W tym momencie oczy wszystkich skierowały się na cudownoziemskich reprezentantów.
- Witamy cały Royal Team, drużynę naszej ojczystej Lwiej Ziemi! Gepradziej Ziemi! Klanu Gwiazd!... - prowadzący zdawał się mówić bez końca nazwy królestw, których w istocie było tylko osiem. 
Kiedy wszyscy zostali przedstawieni, rozpoczęły się zawody! Pierwszą drużyną, jak to było w tradycji, była reprezentacja królestwa, które organizowało mistrzostwa, a drugą wybierali kibice. Padło na chyba tegorocznych ulubieńców publiki... oczywiście drużynę Shani. Rywale stanęli naprzeciw siebie. Shani zmarszczyła brwi, patrząc na jednego z atakujących drużyny przeciwnej. Drugiego zasłaniał jej sędzia. Lwioziemcy byli trochę starsi, co było widoczne. Niektórych z drużyny to przerażało... niektórych.
- Oni... nas... zabiją! - szepnął Kesho, cofając się pod bramkę. 
- Boisz się braciszku!? - zaśmiał się Hofu, popychając brata do przodu. 
- Shani błagam, jeśli lubisz nas, chociaż odrobinę to odwołaj to! - Kesho był gotowy zwiać gdzieś daleko i nigdy już nie stanąć na boisku.
- Damy radę! Tylko pamiętajcie, działamy zespołem! - krzyknął Sawa, spoglądając na pobratymców. 
- Widzę, że mi konkurencja rośnie - zaśmiała się Shani. 
- Co?
-Nic, nic... jak umrę, już wiem kto mnie zastąpi - odparła kapitanka, przerzucając wzrok na rywali. - Leo?! - szepnęła, kiedy sędzia odsunął się trochę, odsłaniając znanego księżniczce lewka.
- Nie zrobimy z was pośmiewiska... - zaśmiał się lwiak - aż tak bardzo! - dodał uśmiechając się chytrze.
W uszach graczy zabrzmiał gwizd. Shani od razu dorwała się do piłki i zaczęła biec w stronę bramki. Lwioziemcy szybko ją otoczyli, więc musiała pozbyć się fanta. Kopnęła do Kesho, co okazało się ogromnym błędem. Piłkę w połowie drogi przejął Leo i z cwanym uśmieszkiem zaczął biec do bramki cudownoziemców.
- Obrona! - ryknął Sawa i sam zaczął biec w stronę swojej bramki.
Shani wbiegła przed Leo, próbując odebrać mu piłkę, ale ten kopnął ją w bok. Przejął ją inny lewek i strzelił gola.

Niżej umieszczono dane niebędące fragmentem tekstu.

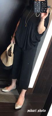 ゴールドのプチプラパンプスをブラックスタイルに合わせて。
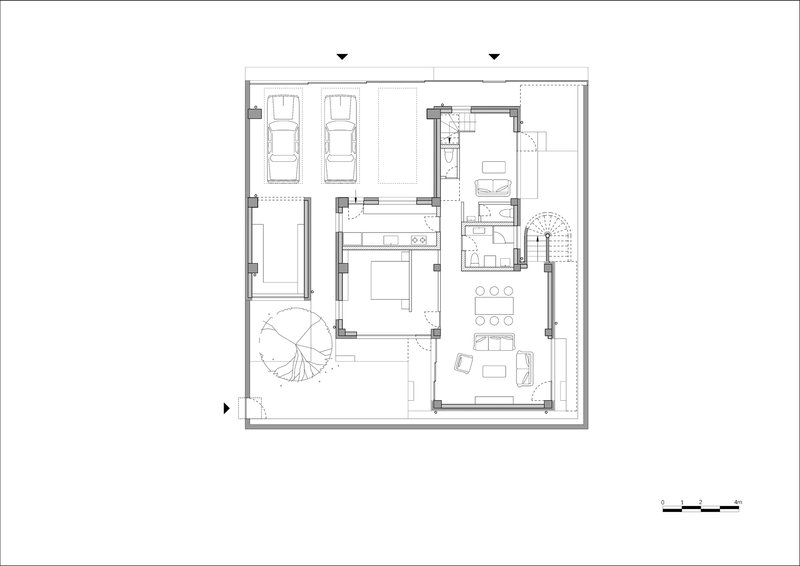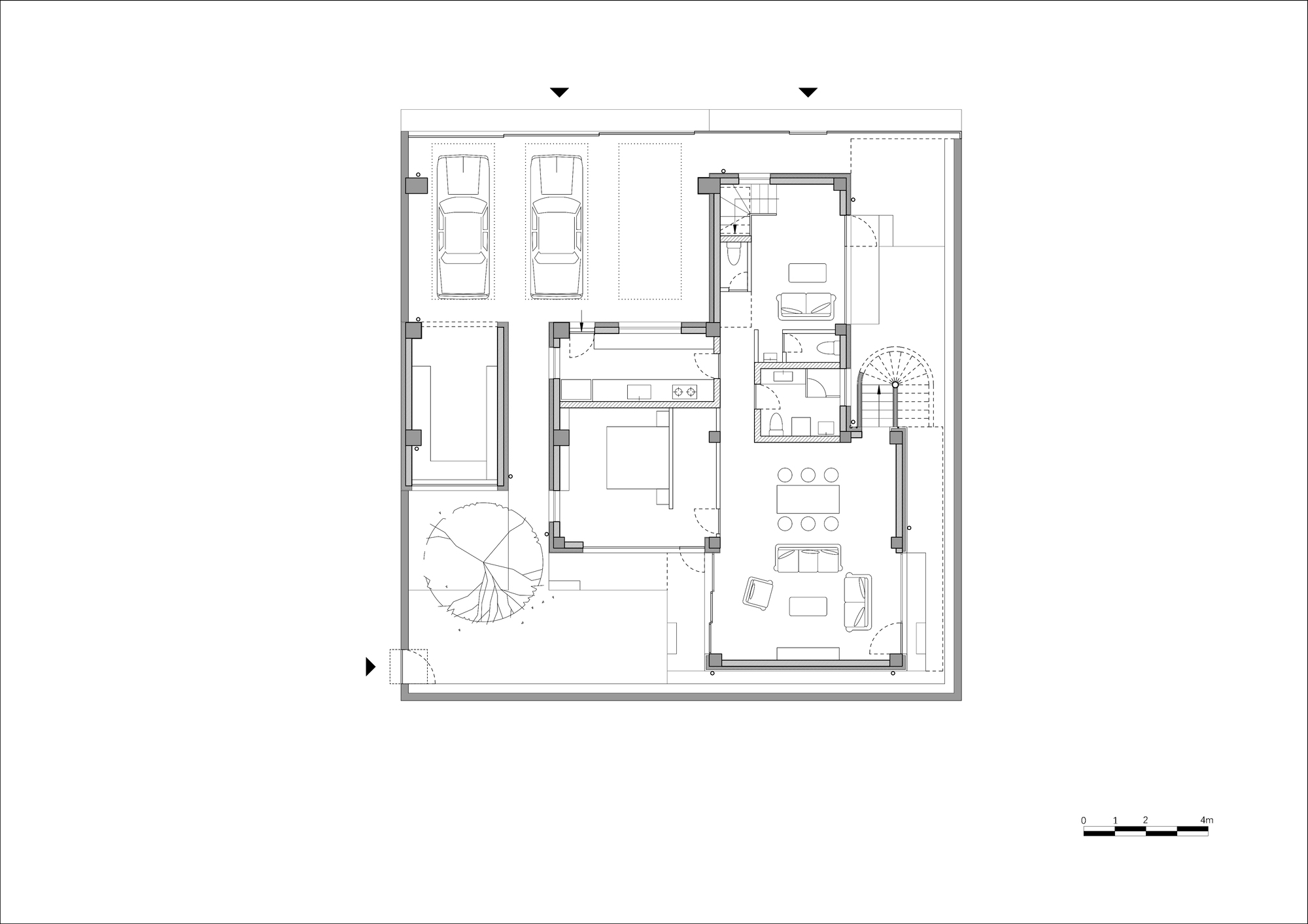 The ground floor functions as a fluid public zone, seamlessly connecting indoor spaces with the courtyard. Initially designed as a living area, it now operates as an exhibition and display space, reflecting the homeowner’s evolving professional focus.

- Jeden zero, księżniczko! - prychnął beżowy. - Spodziewałem się po was czegoś więcej.
Gwizdek i gra znowu się zaczyna. Tym razem pierwszy piłkę przejął Sawa. Pognał przed siebie, kontrolnie spoglądając do tyłu, czy Shani nadąża. Nadszedł moment, kiedy miał przekazać owoc księżniczce, ale wtedy ktoś mu podłożył nogę. Brązowy runął na ziemię, spadając na zgiętą łapę, jednak w ostatniej chwili posłał piłkę kapitance. Wpadła bramka.
- Sawa! Wszystko dobrze?! - Shani dostrzegła, że lwiątko nadal się nie podnosi. Wokół Sawy zebrały się dwie drużyny.
- Chyba, chyba tak - syknął lewek. Ruszył łapką i jęknął z bólu. - Albo jednak nie.
- Przepuście mnie! - przez lwiątka przepchał się jakiś lew. - Pokaż to chłopcze... Jest skręcona.
- Co? Ale mogę grać? - spytał z nadzieją brązowy.
- Obawiam się, że nie. Nie macie rezerwy?
- Nie, nie mają... więc chyba walkower? Czy we czwórkę dacie radę? - Leo starał się nie okazywać w głosie triumfu.
- Nie może pan czegoś zrobić? Jakoś zabandażować, czy coś? - Sawa spojrzał błagalnie na medyka.
- Mogę ją tylko usztywnić. Nie powinno się nic stać, ale nadal jest ryzyko jakiegoś poważniejszego urazu.
- A więc mecz jeszcze nieskończony! - wycedził lewek, spoglądając na Leo.
- Ale Sawa... jak coś się stanie? - zmartwiła się Shani. - Nie! Ja nie pozwalam ci grać!
- Pewna lwiczka uświadomiła mi, że granice tego, co możliwe są tylko tu, w naszej głowie - Sawa dotknął łapą czoła lwiczki. - Jak tego dokonała? Trenując ze złamaną łapą.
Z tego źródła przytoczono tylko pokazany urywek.